The sounds of badly-played instruments

A bad trumpet player playing too softly?!? Quick, put him in a zoo, he’s an endangered species! :eek:

A badly played clarinet sounds like a thousand math teachers all squeaking the chalk across the chalkboard at once. A badly played violin sounds like dinner music from Dante’s ninth circle of Hell. A badly played flute sounds like steam escaping from a broken valve…

Hijacking some more and I apologize, but I can’t let a reference to John Griffiths go unanswered!

The world is filled with bad tubists and worst tuba teachers, but he rises above all. A great teacher, a tremendous musician, and I hear a pretty neat human being too. I’ve not had the pleasure of his company in person, but we do have tuba-playing friends in common and they all tell me how fabulous he is.

Is Ed Lewis still the trumpet guy at UofR? He’s even cooler than John and I’ve known Ed for years.

The technique by which you sing or hum a tone while playing on a wind instrument is called “multiphonics.” Properly done, it’s a neat effect. Not everyone can do it and not everyone can do it well.

your humble TubaDiva

Oh, and I’ve been playing tuba for . . . ye gods, over 20 years now. Been abusing musical instruments and torturing other people for . . . lots longer than that.

your humble TubaDiva
“I’ve suffered for my art, now it’s your turn.”
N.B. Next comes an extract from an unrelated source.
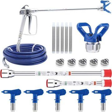 WOOLUCK® Kit de Pistolet a Peinture Airless,avec Tuyau Haute Pression 15M,Airless Peinture Pistolet Tige De Rallonge,buse pulvérisateur et 60 Mesh Éléments de Filtre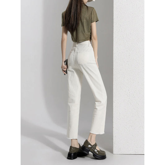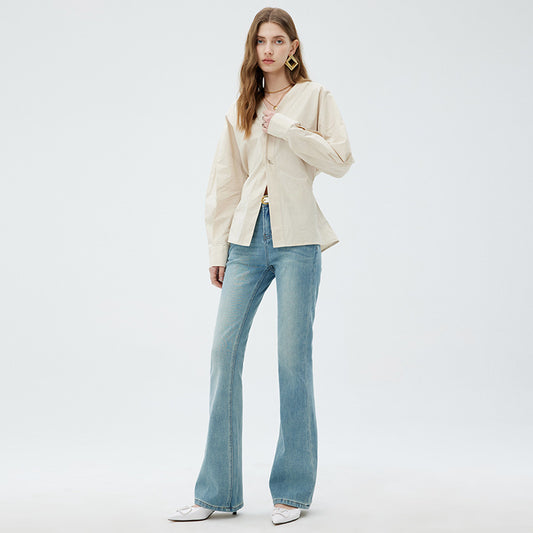 Denim High Waist Loose And Slimming Bootcut Trousers

Yes, except louder. LOUD. My college roommate was learning to play violin. Imagine being trapped inside a tiny, tiny brick-walled dorm room with someone who doesn’t know how to control the volume of this piercing instrument. That noise went right through my skull and made my brains resonate with sympathetic agony. Ow. It was really loud.

Surprisingly, one of the most apt descriptions of the sound of a bassoon I’ve heard came as a compliment from my high school band conductor: “Not bad for a farting bedpost.”

At least, I think it was a compliment. :confused:

:smiley:

Man, that’ll teach me to not leave a thread unnattended! While I was gone, it went and got Threadspotted.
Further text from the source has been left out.